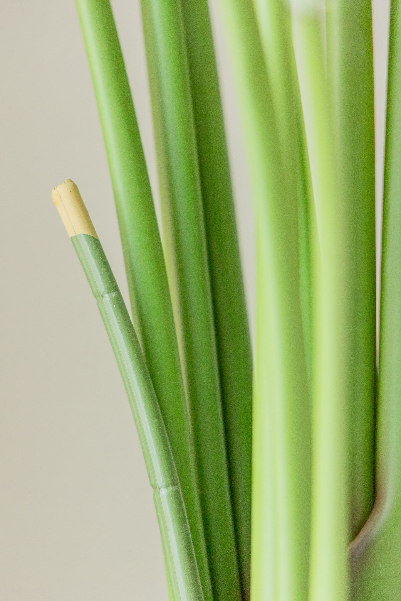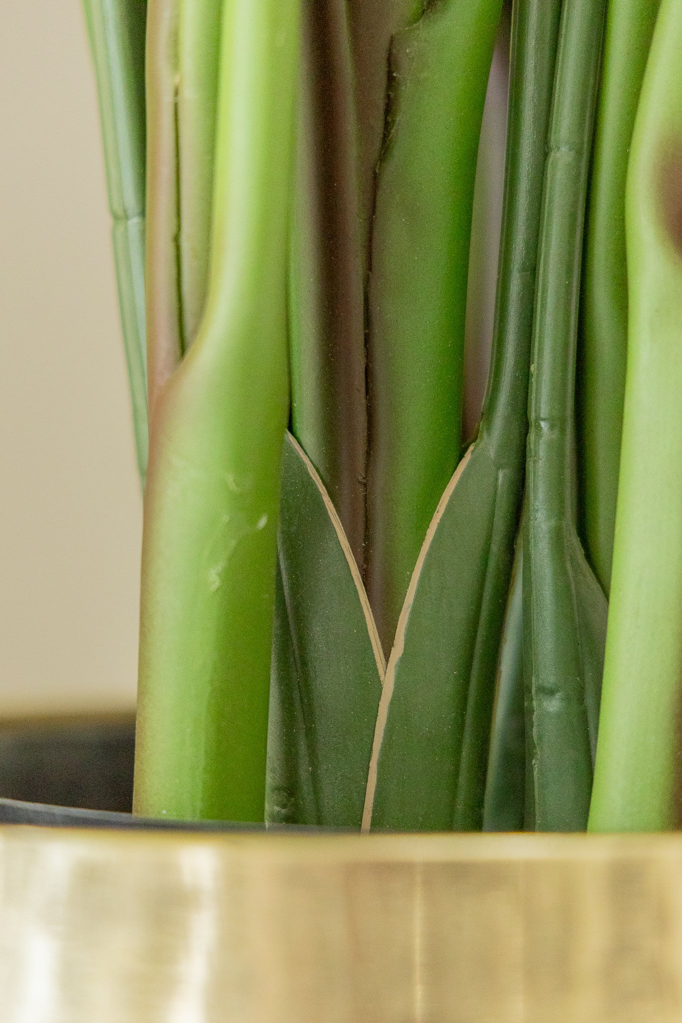 De stammen van deze kunst Strelitzia zijn tot in detail vormgegeven. De variatie in kleur, van frisgroen tot donkergroen met natuurlijke schaduwen, zorgt voor diepte en een levendige uitstraling. De gladde structuur en subtiele nerven geven de plant een stevige, realistische look. Samen met de hoogte en vorm van de stammen zorgt dit voor een elegante, tropische uitstraling die perfect past in moderne interieurs.
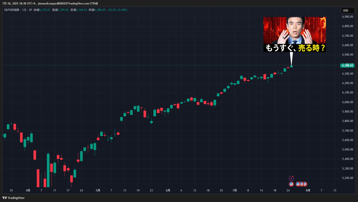 • 米国株は現在下落に恐れることはないが、チャートで大きな陰線が出た場合は下落の始まりかもしれない
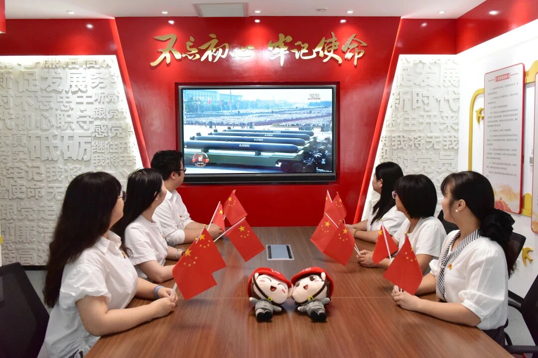 數(shù)科公司在雄安新區(qū)、北京、長沙、重慶等全國各地的干部職工,同一時(shí)間在線收看九三閱兵直播。

THE TASK -
Would you transcribe all of the data exactly, omitting any pictures?

RESULT OF THIS EXERCISE -
 De stammen van deze kunst Strelitzia zijn tot in detail vormgegeven. De variatie in kleur, van frisgroen tot donkergroen met natuurlijke schaduwen, zorgt voor diepte en een levendige uitstraling. De gladde structuur en subtiele nerven geven de plant een stevige, realistische look. Samen met de hoogte en vorm van de stammen zorgt dit voor een elegante, tropische uitstraling die perfect past in moderne interieurs.
 • 米国株は現在下落に恐れることはないが、チャートで大きな陰線が出た場合は下落の始まりかもしれない
 數(shù)科公司在雄安新區(qū)、北京、長沙、重慶等全國各地的干部職工,同一時(shí)間在線收看九三閱兵直播。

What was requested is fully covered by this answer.